WWE will be around, but its monopoly days are over. As someone who has witnessed the demise of the newspaper and automotive industries up close, the similarities are startling. I don’t believe the company has the ability to change, because the template it has now set has been built and engrained for 20 years. They aren’t nimble enough on social media. The AEW guys are masters of that, and they’re quicker. If WWE makes a mark on a show, AEW counters it on social media or YouTube the next day. 

AEW doesn’t look at WWE as competition the same way WWE does. WWE wants to crush them and put them out of business. AEW deals with them as another business in a competitive market in which doing your best business means servicing your customers. Ask WWE fans of recent years how well their company is doing there. 

WWE has billions of dollars in TV deals going into the next decade. That should mean financial security, but this is also a company that’s adding years to deals and doubling pay, sometimes tripling it in some occasions, to lock talent away from AEW. The last estimate I read said WWE has over 200 wrestlers on contract. That alone means AEW has been a success for wrestlers.

But it hasn’t stopped with the checkbook. WWE has been hot-shotting for weeks and even before AEW was on TV. Its Saudi Arabia shows are a black eye to the company, and its move of Smackdown to Fox has left the company at the mercy of TV networks more so than it has ever been previously. 

With the money comes the responsibility to deliver. WWE loaded its Wednesday NXT show with main roster talent and managed a win of 20,000 total viewers two weeks ago. AEW won every ratings category but 50+ and is still dominating in the core 18-35 and 18-49 demographics that advertisers pay the most attention to. 

For those that think this is luck, keep in mind The Elite were regularly sponsored on its YouTube show by major companies, and even included some in matches (Cracker Barrel most prominently, as well as TGIF restaurants).

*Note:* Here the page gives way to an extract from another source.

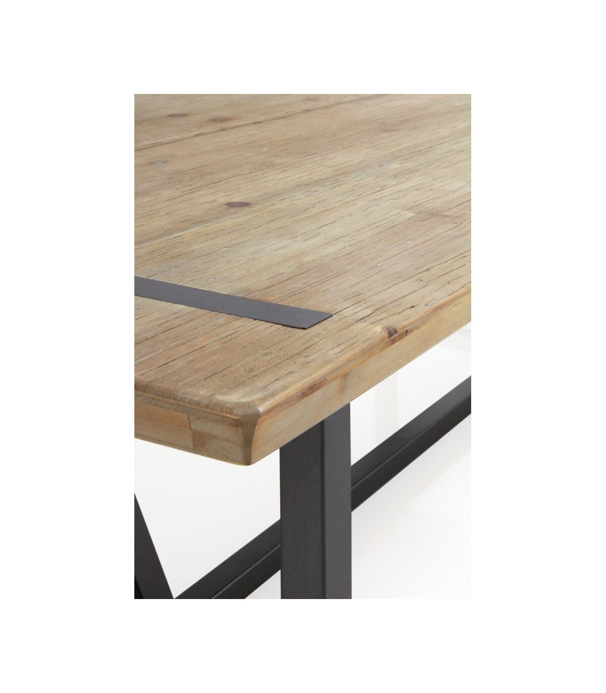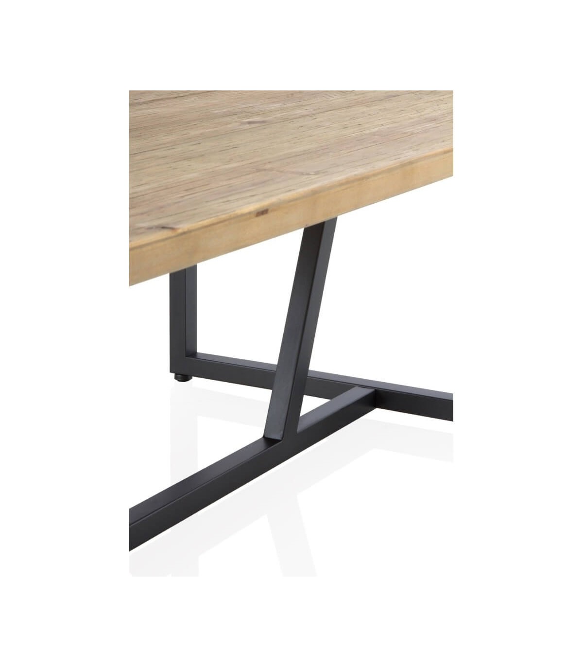 Acabado, tapa de madera de abeto natural y patas en metal color negro.

WWE has always had the advantage on the business side, but that’s no longer the case. The Khan family runs Flex-N-Gate, building bumpers for a large portion of the world’s automotive manufacturers. 

As much vitriol fans, former wrestling bookers, and media have for AEW, it doesn’t change that what we are seeing is a seismic event in the wrestling business, one there is no going back from. The carnival days are finally dead and for good. While many thought this was the case beforehand, WWE’s recent fiasco in Saudi Arabia with its talent show this wasn’t the case. AEW is the real deal.  

The sunshine is now in, and many are running to the shadows – scared. 

B.J. Bethel covered wrestling from 1998 to 2003 focusing on WWE’s developmental territories. He has covered the Russian election interference scandal and the Midwest opioid crisis for the Sydney Morning Herald. He has had bylines in the Washington Post, the Chicago Tribune, and RogerEbert.com.